Along with these attributes, further characteristics were necessary, such as creating a very thin bezel. The bezel size contributes to the overall appearance of the watch. Mr. Tanaka felt that bezels were too thick and "clumsy" due to the global standards of units of measure in watchmaking in the 1960's. The bezel's thickness was reduced by changing units of measure within Seiko, keeping the bezels thin and flat, while also on a downward slope with its highest point at the crystal and the flat surface slanting down out to the outer edge. 









Attributes such as recessing the crown half into the case, using flat dials, having a double wide index at 12:00, using multi-faceted indices overall, and polishing all indices and hands with a diamond cutter, were also critical for Grand Seiko to achieve its goal of a beautiful and highly legible wristwatch.









The use of flat surfaces in the case, such as the wide lugs, created a unique and distinct appearance for Seiko as a brand (with pieces like Seiko 5), but especially for Grand Seiko. Prior to Mr. Tanka, most Seiko cases were round. Because of his dissatisfaction with this plain or commonly used design, Mr. Tanaka set out to create something new and very different. This proved to be extremely difficult to manufacture, but the end result was well worth it. The flat lug design also utilized a similar trait of that in the bezel, using a declining flat slope from the bezel to the outer edge of the case to create a watch that seemed to taper out to the wrist, making it seem much thinner than it actually was. The use of reverse angles and two-dimensional curves also projected a flat presence, but the sharpness of the facets helped to create a unique visual identity. The Self-Daters were the first Grand Seiko models to achieve a perfectly smooth, distortion-free mirror surface for the bezel and other flat surfaces - they sparkled unlike any other watch at that time. The method by which this dimensionality was achieved is known as Zaratsu polishing. 

The current Grand Seiko collection in entirety uses flat surfaces, sharp lines, thin bezels (unless a sports model) and Zaratsu finishing to create the beautiful attributes that the brand's design was founded on in the 1960's. 

*Modern Grand Seiko Design *
 









Many of Grand Seiko's designs inherit traits from the models of the 1960's. Modern reinterpretations of the 44GS can be found in models such as SBGJ001, SBGJ013 and SBGV005. Also, the 44GS inspired the case design for the first series of 9S85 Hi-Beats SBGH001 and SBGH005, despite the slight difference of thinner, rounded tip lugs.
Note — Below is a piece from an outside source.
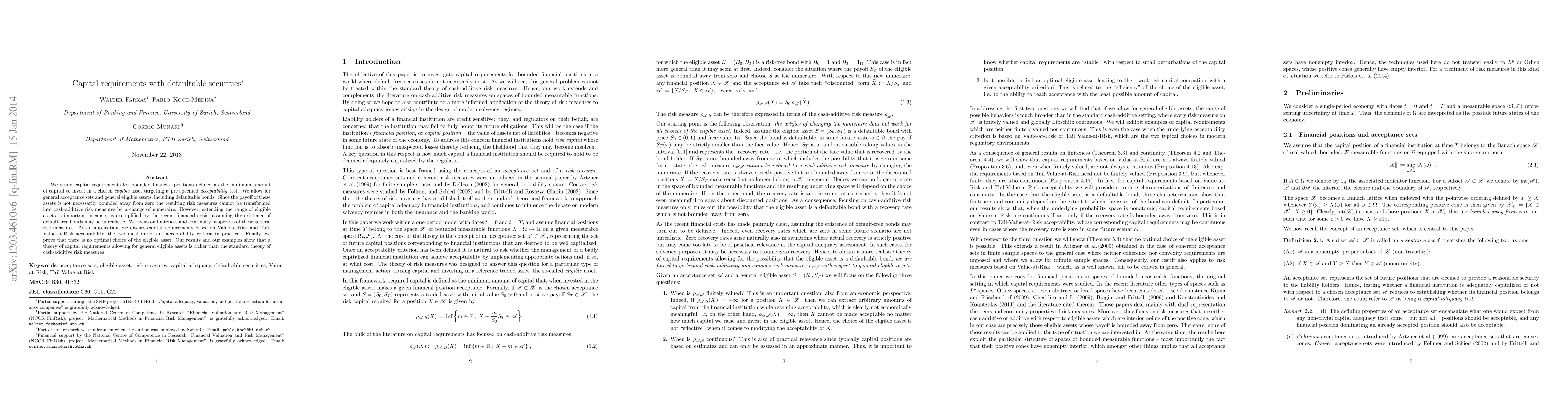 This paper explores capital requirements for financial positions involving defaultable securities, emphasizing the importance of including such assets due to the unrealistic assumption of default-free bonds. It investigates the finiteness and continuity properties of the resulting risk measures, applying them to Value-at-Risk and Tail-Value-at-Risk criteria, and concludes that there is no optimal choice of eligible asset.

Other design elements have been added to modern Grand Seiko models to accommodate modern movements. As an example, the "Snowflake" SBGA011 and others that share the same case designs use almost contrasting technique to the 44GS. The bezel does slant downwards as does the 44GS, however, the case and bezel meet, tapering at the same angle as opposed to different angles. Due to the width of Spring Drive, the sloping bezel and case come to a sharp edge on the case side and then taper inwards at a 13° angle, creating a deceivingly smaller appearance on the wrist when worn. While working in a near opposite method as the 44GS, this Spring Drive case reduces appearance of width, as opposed to the 44GS case design reducing the appearance of thickness.









Grand Seiko was meant to be the best practical watch and intended for every day use. Comfort is a major factor in design, with several elements contributing to wearability. In order to achieve this comfort level, most all Grand Seiko models are designed to be fairly light weight and well balanced. The case designs tend to have wrist shaped curvature to the lugs, with short lug profile (typically lug to lug length on GS is well under or around 50mm) ensuring a comfortable fit on near any size wrist.









Another contributing factor to comfort is the bracelet. Each link is polished by hand for beauty, but also meticulously designed with a rounded shape and particular thickness that keeps great balance and comfort on the wrist. With the exception of sport models, Grand Seiko does not use micro-adjustable clasps in order to create a more seamless integration with the rest of the bracelet and reduce the potential bulk and weight on the clasp itself. In order to create to a more perfect fit for the bracelet, half links are used - but note, when both half-links are measured, together they are slightly longer than one full link. How does this aid in fit? If you find the watch is too loose by removing two links, and too tight by removing two full and one half links, try removing one full link and two half links - this should be exactly what you need for a proper fit.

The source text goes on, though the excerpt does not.